Abstract

Off-pump coronary artery bypass grafting (off-pump CABG) after off-pump coronary endarterectomy (CE) for myocardial revascularization is a way to rescue the patients with diffuse coronary artery disease (CAD). This study retrospectively analyzed its clinical outcomes and experiences, and explored the safety and effectiveness. From October 2003 to December 2008, 177 diffuse CAD patients with 229 vascular lesions received off-pump CABG plus CE. Incision was made at the hardest part of coronary artery and ≥ 2 cm from the distal intervention site. Then bypass graft was performed by internal mammary artery or saphenous vein. The intra-operative blood tests showed that 215 (93.9%) bridges were satisfied with (27 ± 12) ml/min blood flow while 14 bridges were dissatisfied. The blood flow was (7 ± 4) ml/min. Six (3.4%) cases suffered peri-operative myocardial infarction. Among them, 3 patients had no significant cardiac hemodynamic changes.

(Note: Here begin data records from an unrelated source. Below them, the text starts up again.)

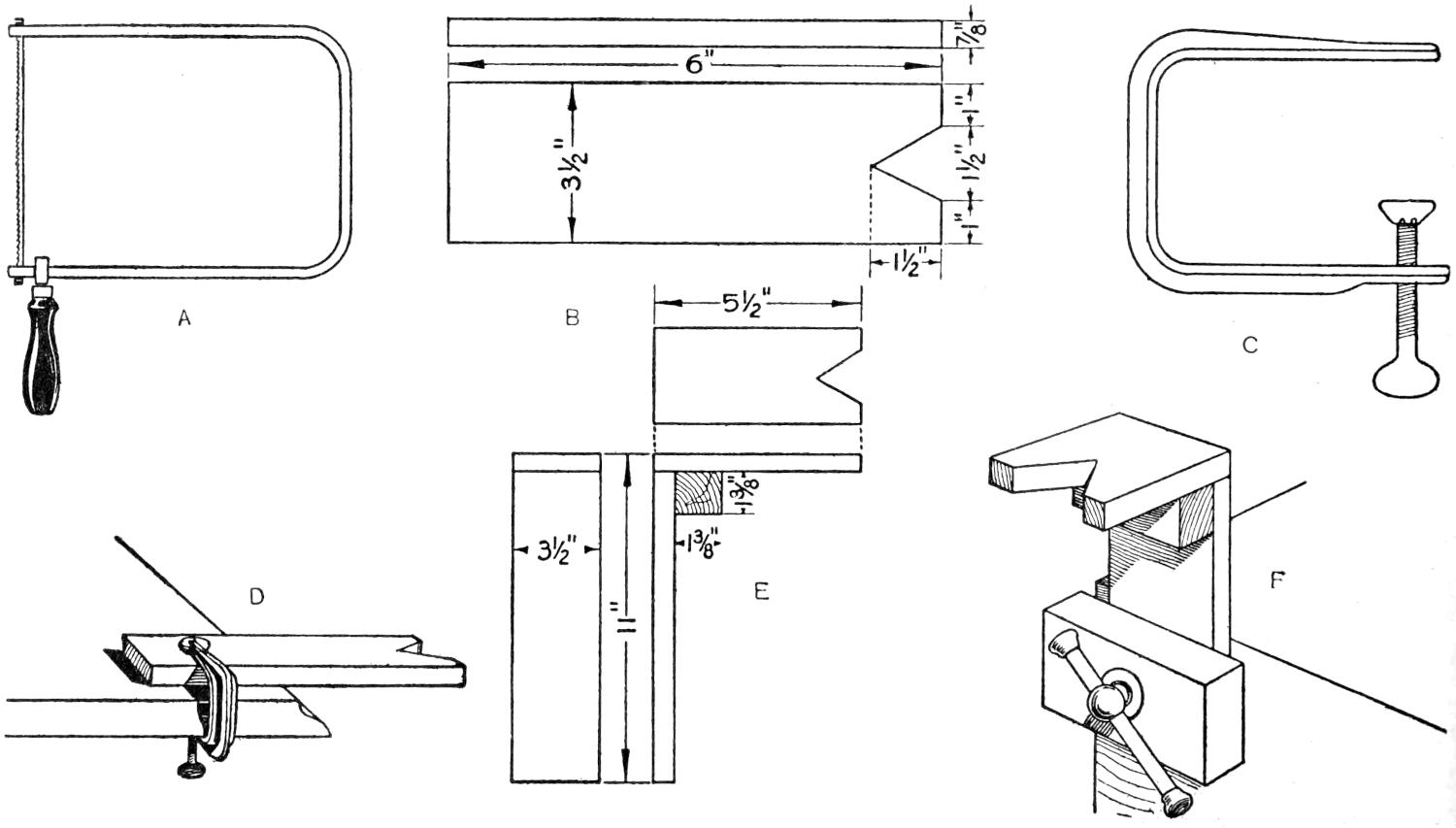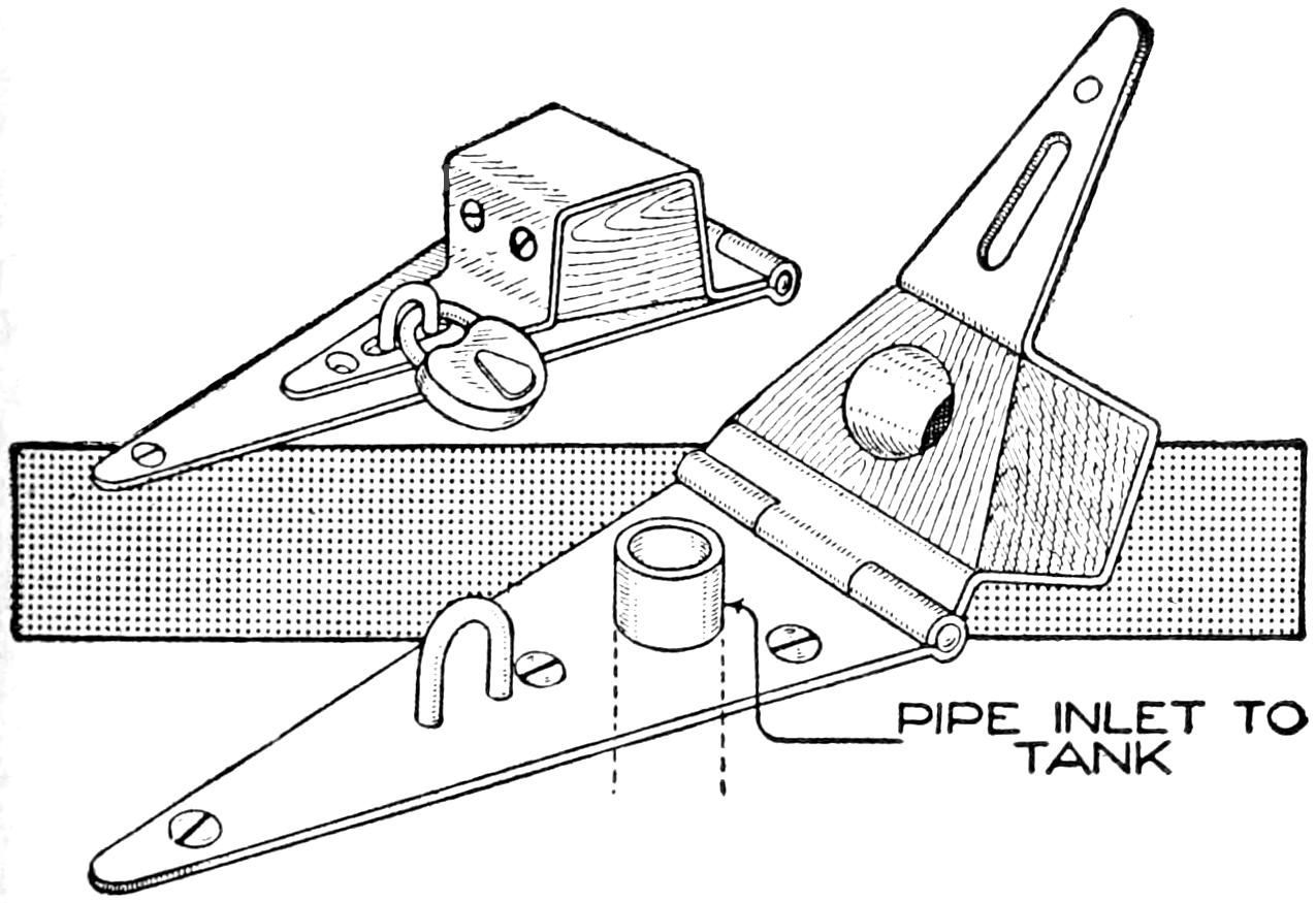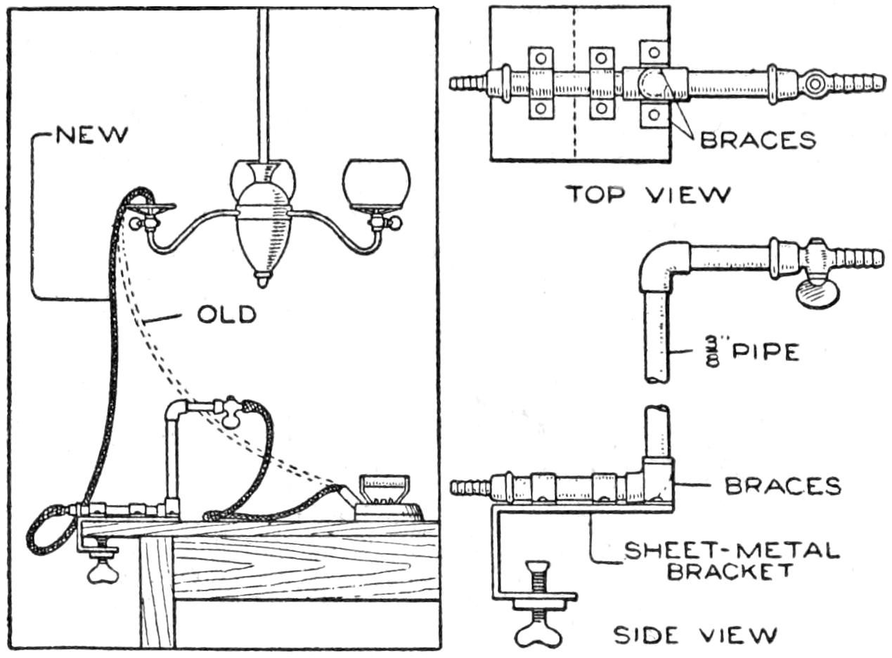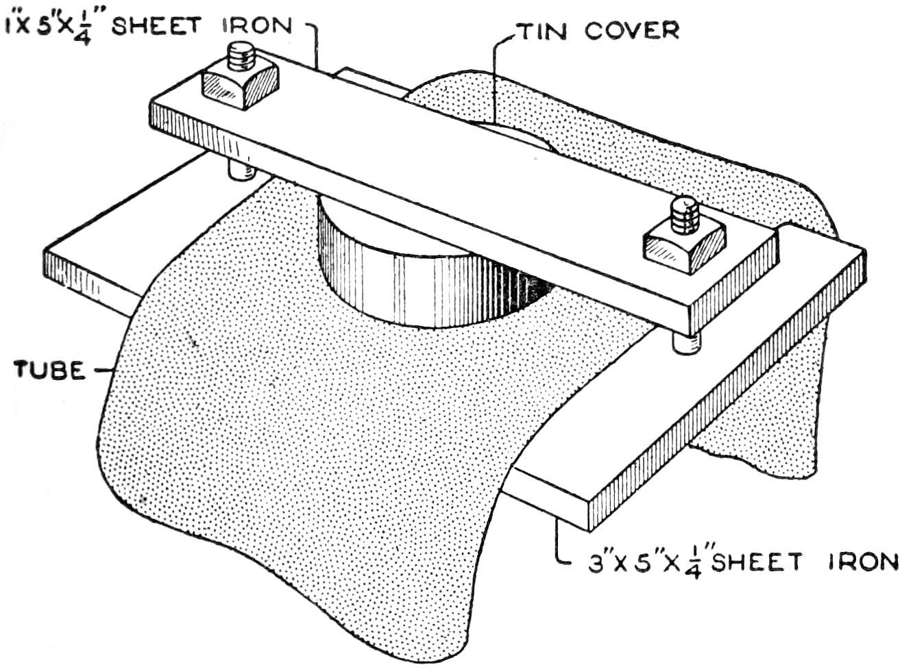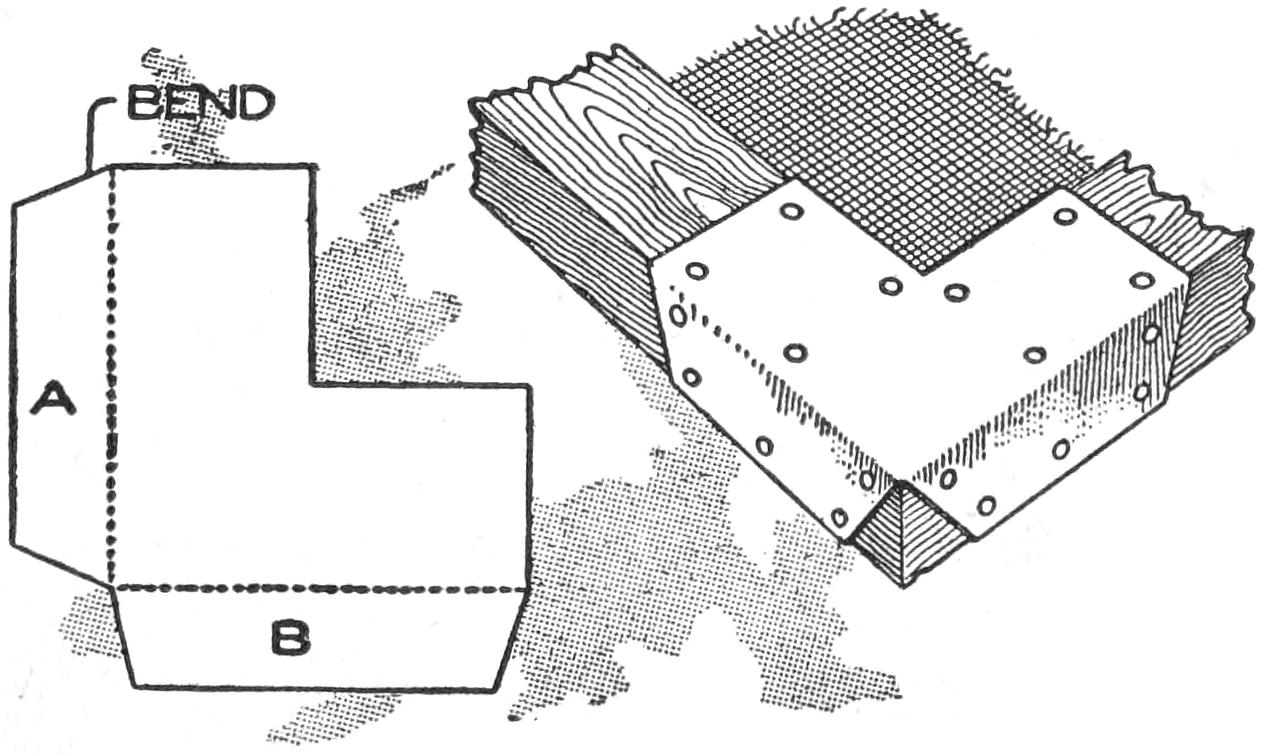 A table arrangement which can be clamped handily to the bedpost and swung out of the way or removed altogether when not in use, is a convenience that has a wide use in the home. A device of this kind, which requires no floor support and can be folded compactly for storage, is shown in the illustration. The table proper consists of a ⁷⁄₈-in. board, of suitable size, the edges of which are banded with metal or thin wooden strips. The board is supported on a frame of iron rod, bent to the form indicated in the dotted lines, and clamped with ¹⁄₁₆-in. brass clamps. The end of this frame rod is bent at an angle and pivoted in a metal bracket. A cotter pin guards against accidental loosening of the joint. The clamping device is made of ¹⁄₄ by 1¹⁄₄-in. band iron, and is bent to fit loosely around the bedpost. A brass plate, A, is fitted inside of the main piece B, as shown. A thumbscrew is threaded into the piece B, its point engaging the brass plate, which acts as a guard. In fastening the piece B on the bedpost, the thumbscrew is set, and the wing nut also tightened.—A. Lavery, Garfield, N. J.
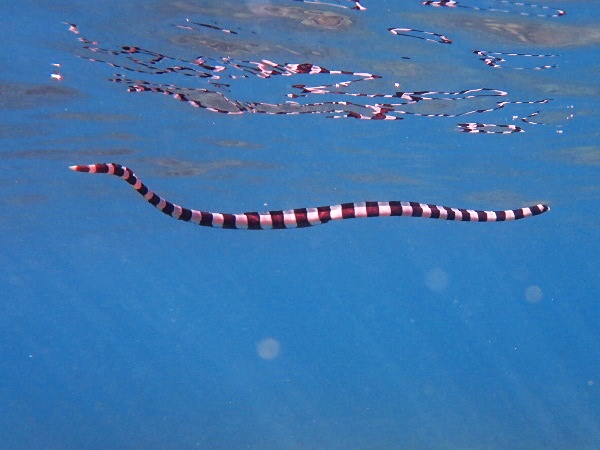 さらに泳いでいると…ウミヘビが現れました!危ない?!
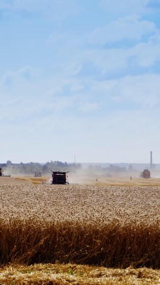 Grain harvesting combines working in a sunny day. Yellow field with grain on the front. Agricultural technic working in field. from the side. Vertical Free Video
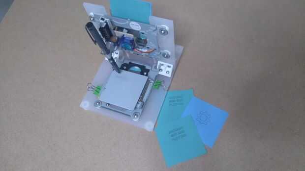Yo estoy ahora explorar la posibilidad de mi cortador de Lazer.A partir de ahora, 100mW lazer puede utilizarse para cortar papel, hojas adhesivas de vinilo...pero encontré que la misma estructura también puede utilizarse como trazador de pluma.Sólo s
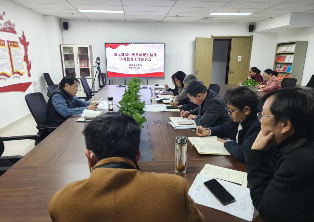 会议强调,各党支部书记要充分认识开展深入贯彻中央八项规定精神学习教育的重要意义,切实结合部门实际,将学习教育作为强化政治担当、锤炼党性修养的关键举措,把深入贯彻中央八项规定精神学习教育转化为改进工作作风、提升服务效能的强大动力,在服务保障中传递教育温度,在管理细节中彰显育人情怀,为学校建设高水平师范大学提供坚实支撑。会议还就教辅单位党委具体的学习教育计划、时间安排等进行了部署,确保学习教育工作有序开展,取得实效。
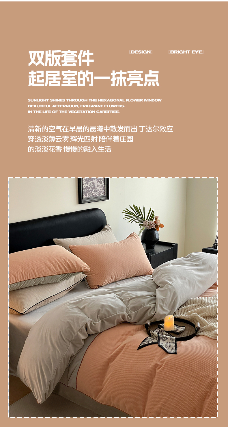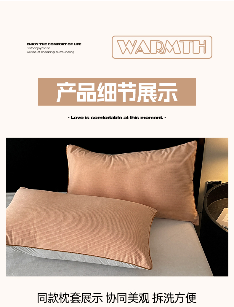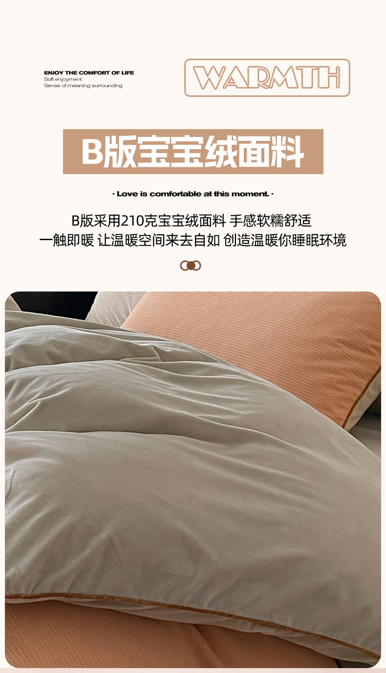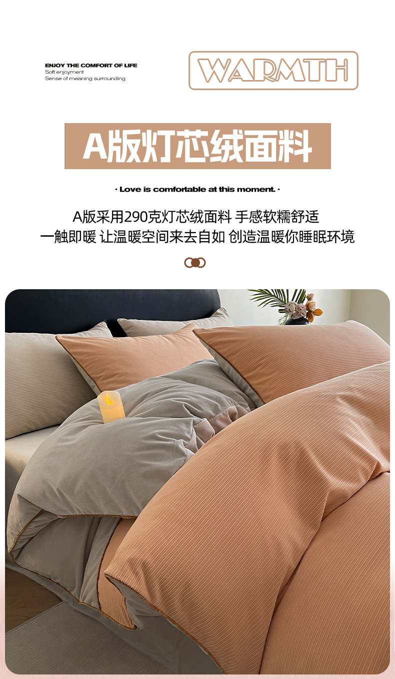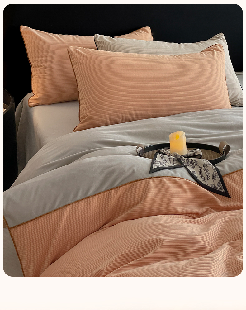商品名称:羚羊语家纺 2025新款280克灯芯绒婴儿绒四件套高级嵌绳拼接款水晶绒宝宝绒牛奶绒床单床笠款三件套-奶芙绒系列 浮光沁橙
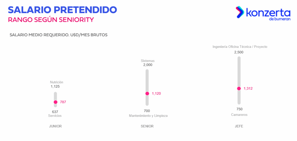En las pretensiones más bajas se ubica el puesto de Camareros con $750 para el segmento de jefe; Mantenimiento y limpieza con $700 en la categoría semi senior y senior y en el nivel junior el puesto de Servicios con una aspiración salarial de $637.
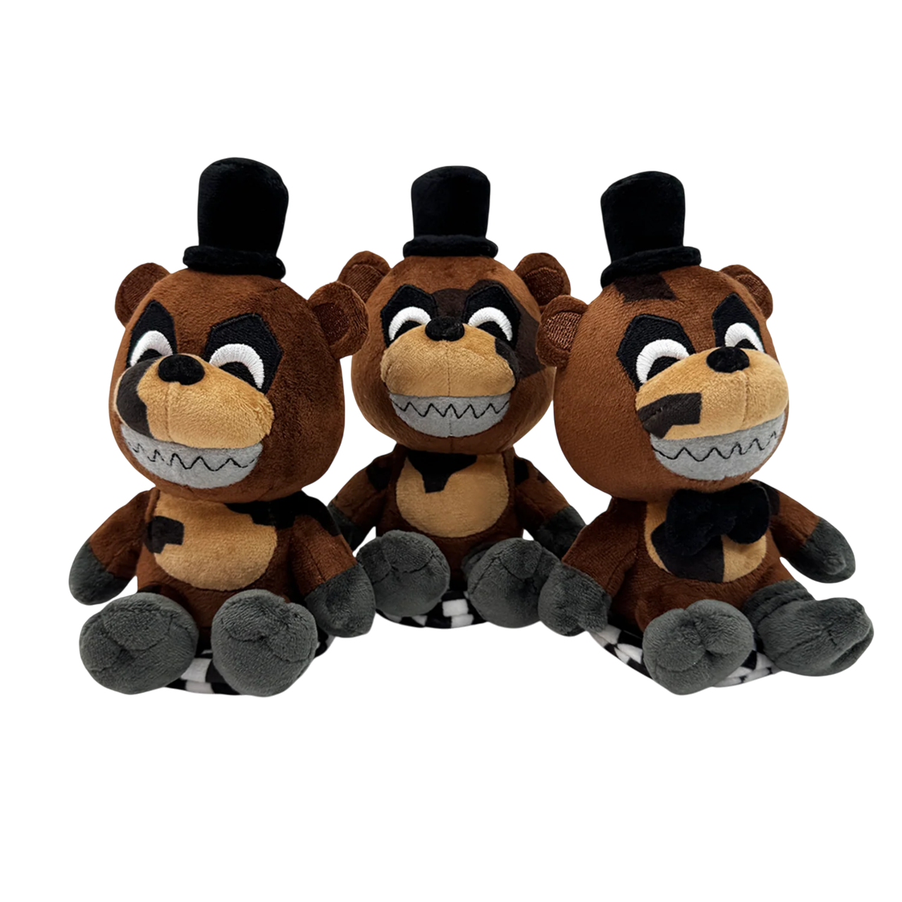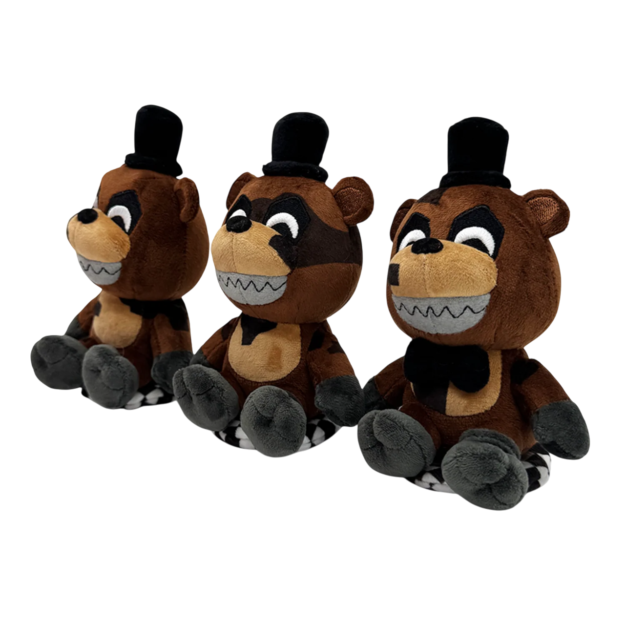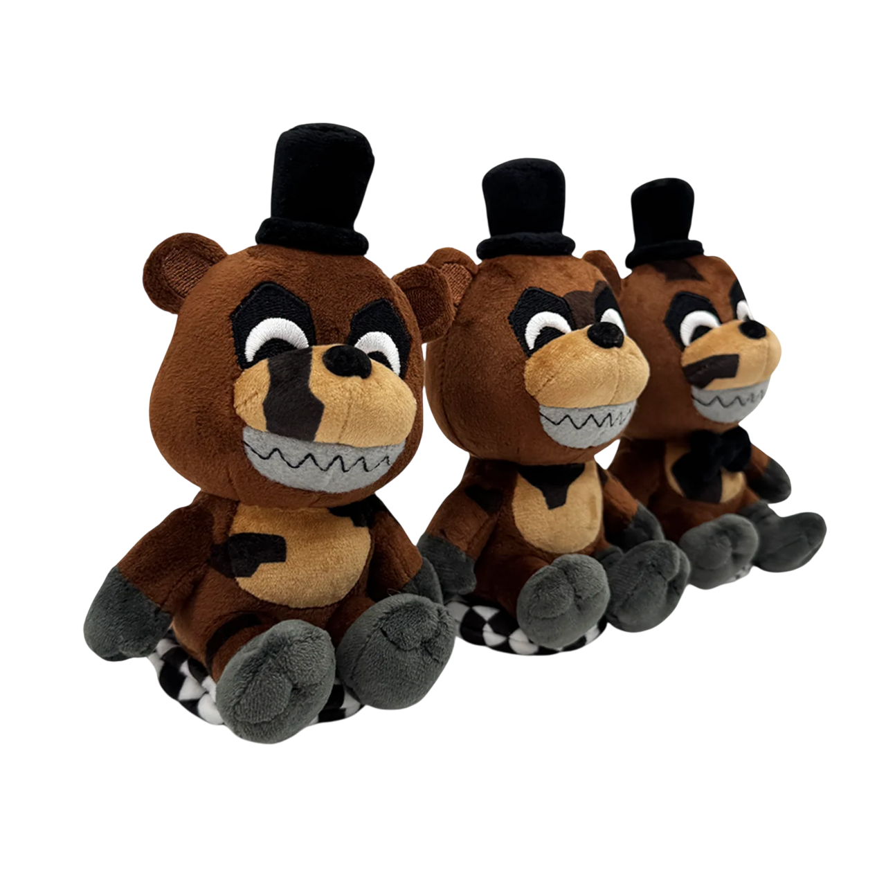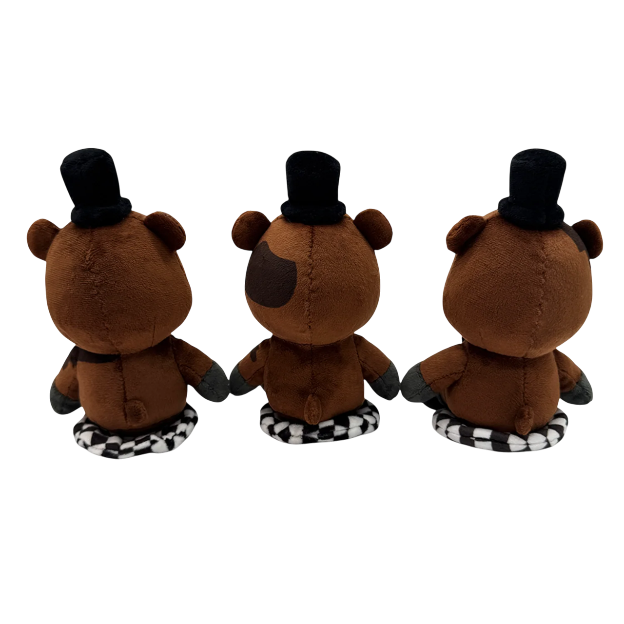 | The Freddles have landed back at Youtooz for mischief galore! Sitting at 4 inches tall, the trio of troublemakers have sharp, toothy smiles and glowing white pupils as they each wear a small black tophat, and their brown bodies fall away to reveal grey endoskeletons. These plushies are made of the softest minky materials, are packed to the seams with the most huggable squishy 100% PP cotton and come equipped with magnetic discs to let them perch firmly atop your shoulder as the best accessories and a true testament to your love of the fandom! |

Three suffered a low cardiac output and improved by intra-aortic balloon counter pulsation support. And they were then discharged after treatment. After 3 - 40 months, 98 patients underwent coronary angiography to measure the graft latency. And the blood flow was excellent. Off-pump CABG plus CE for diffuse coronary artery disease is both feasible and safe. And it is an effective treatment with a high degree of vascularization.